Elinden tutup parka götürmenin çare olacağını bilseydim elinden tutup parka götürürdüm onu. Ama öyle çocuklardan değildi işte. Şekerle kandırabileceğiniz, “her şey güzel olacak” vaadiyle susturabileceğiniz…
Susmak haylanırların, yarası sağaltılabilenlerin, akşam eve dönmek isteyenlerin mesleğiydi. Ve bilirsiniz ya, susmanın karşıt anlamlısı konuşmak değildi, hiçbir zaman olmadı. Sadece kandırdılar çocukları.

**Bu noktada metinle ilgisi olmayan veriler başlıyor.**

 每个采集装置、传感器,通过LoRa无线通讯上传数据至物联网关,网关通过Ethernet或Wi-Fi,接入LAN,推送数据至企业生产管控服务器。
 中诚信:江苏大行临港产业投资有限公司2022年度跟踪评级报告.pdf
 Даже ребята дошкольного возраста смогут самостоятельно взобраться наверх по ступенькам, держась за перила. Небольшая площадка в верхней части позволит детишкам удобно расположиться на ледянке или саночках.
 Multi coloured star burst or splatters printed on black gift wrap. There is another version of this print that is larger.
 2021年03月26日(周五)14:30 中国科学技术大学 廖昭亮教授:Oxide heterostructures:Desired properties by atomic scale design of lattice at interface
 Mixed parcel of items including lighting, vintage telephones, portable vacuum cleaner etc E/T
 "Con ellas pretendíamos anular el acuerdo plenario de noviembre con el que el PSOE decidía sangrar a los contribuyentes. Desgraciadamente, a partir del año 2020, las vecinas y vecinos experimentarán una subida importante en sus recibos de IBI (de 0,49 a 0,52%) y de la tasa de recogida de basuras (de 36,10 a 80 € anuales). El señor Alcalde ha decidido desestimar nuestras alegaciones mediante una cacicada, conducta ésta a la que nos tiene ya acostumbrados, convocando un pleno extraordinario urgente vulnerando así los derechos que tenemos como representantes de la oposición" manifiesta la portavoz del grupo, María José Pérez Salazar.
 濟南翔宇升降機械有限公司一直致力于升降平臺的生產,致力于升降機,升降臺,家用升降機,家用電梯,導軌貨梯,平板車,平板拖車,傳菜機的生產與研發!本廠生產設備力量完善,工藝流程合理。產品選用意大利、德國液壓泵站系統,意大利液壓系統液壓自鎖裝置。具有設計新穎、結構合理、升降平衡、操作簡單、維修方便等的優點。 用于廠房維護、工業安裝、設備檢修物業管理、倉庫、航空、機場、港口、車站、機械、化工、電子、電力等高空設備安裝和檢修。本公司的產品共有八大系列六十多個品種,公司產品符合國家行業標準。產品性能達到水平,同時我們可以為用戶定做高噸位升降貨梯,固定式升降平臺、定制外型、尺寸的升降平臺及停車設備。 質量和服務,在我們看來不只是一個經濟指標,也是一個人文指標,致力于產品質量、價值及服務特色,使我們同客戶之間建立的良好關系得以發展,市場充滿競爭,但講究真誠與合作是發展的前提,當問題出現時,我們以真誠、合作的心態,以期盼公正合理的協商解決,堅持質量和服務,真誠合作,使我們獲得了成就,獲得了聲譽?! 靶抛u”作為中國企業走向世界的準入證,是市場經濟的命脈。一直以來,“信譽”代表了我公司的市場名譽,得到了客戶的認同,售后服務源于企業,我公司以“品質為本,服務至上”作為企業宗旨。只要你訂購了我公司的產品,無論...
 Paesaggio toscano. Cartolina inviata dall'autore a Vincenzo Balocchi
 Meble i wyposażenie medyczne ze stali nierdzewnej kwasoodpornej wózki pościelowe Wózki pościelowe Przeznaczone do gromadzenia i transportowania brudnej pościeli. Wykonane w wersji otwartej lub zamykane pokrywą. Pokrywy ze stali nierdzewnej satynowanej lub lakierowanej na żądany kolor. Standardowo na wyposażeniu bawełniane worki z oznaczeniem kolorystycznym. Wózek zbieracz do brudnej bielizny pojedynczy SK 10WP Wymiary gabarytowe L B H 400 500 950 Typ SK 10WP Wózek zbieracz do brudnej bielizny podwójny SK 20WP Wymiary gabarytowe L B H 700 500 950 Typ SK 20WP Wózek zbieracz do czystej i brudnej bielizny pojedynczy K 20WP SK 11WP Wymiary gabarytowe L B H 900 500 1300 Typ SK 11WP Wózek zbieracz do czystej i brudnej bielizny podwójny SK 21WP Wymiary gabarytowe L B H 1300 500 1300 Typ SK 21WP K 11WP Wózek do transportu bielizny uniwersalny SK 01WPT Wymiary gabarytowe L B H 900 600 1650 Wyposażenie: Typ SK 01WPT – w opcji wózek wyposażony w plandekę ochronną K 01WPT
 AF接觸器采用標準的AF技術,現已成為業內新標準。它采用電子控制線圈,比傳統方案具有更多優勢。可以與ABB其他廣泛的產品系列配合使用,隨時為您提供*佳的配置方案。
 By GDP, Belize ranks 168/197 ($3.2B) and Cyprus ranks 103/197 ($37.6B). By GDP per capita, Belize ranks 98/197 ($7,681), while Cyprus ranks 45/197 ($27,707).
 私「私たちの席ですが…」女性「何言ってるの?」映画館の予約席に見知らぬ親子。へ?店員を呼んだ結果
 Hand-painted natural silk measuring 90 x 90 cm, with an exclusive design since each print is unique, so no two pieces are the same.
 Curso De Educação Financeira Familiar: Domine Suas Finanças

“Söyle bakalım ne istersin?” diye sormak istedim o küçük çocuğa. Çikolata, pamuk helva, süt mısır ya da ne bileyim öyle bir şey ister zannettim.
“Bir at isterim” dedi bana. “Hani üzerine binilince böyle sallanan o tatlı oyuncak atlardan mı?” diye sordum. Duraksamadan “hayır” dedi, “rahvan giden bir Arap atı istiyorum. Bütün çölleri, bütün dağları, ırmakları ve ovaları geçerek beni buradan, dünyadan götürsün.” Şaşkınlıkla “nereye götürsün istersin seni?” diye fısıldadım. “Dünya olmayan bir dünyaya, bir başka uzaya” dedi. Kızdım ona. “7 yaşında bir çocuksun altı üstü, at istiyorsan oyuncak at istemelisin. Çocuksan, çocukluğunu bilmelisin” dedim. “Bilinecek bir şey olsaydı bilirdim. Kapının önüne bırakılan bir çift ayakkabıya sarılıp uyuduğumda bilme şansımı kaybettim ben” dedi. Ellerini göğsünde kavuşturmuş, dünyaya küskün bakan çocuklara mahsus o bakışla bakıyordu bana: “Ya senin çocukluğun?” diye sordu, “her istediğini aldılar mı sana?”........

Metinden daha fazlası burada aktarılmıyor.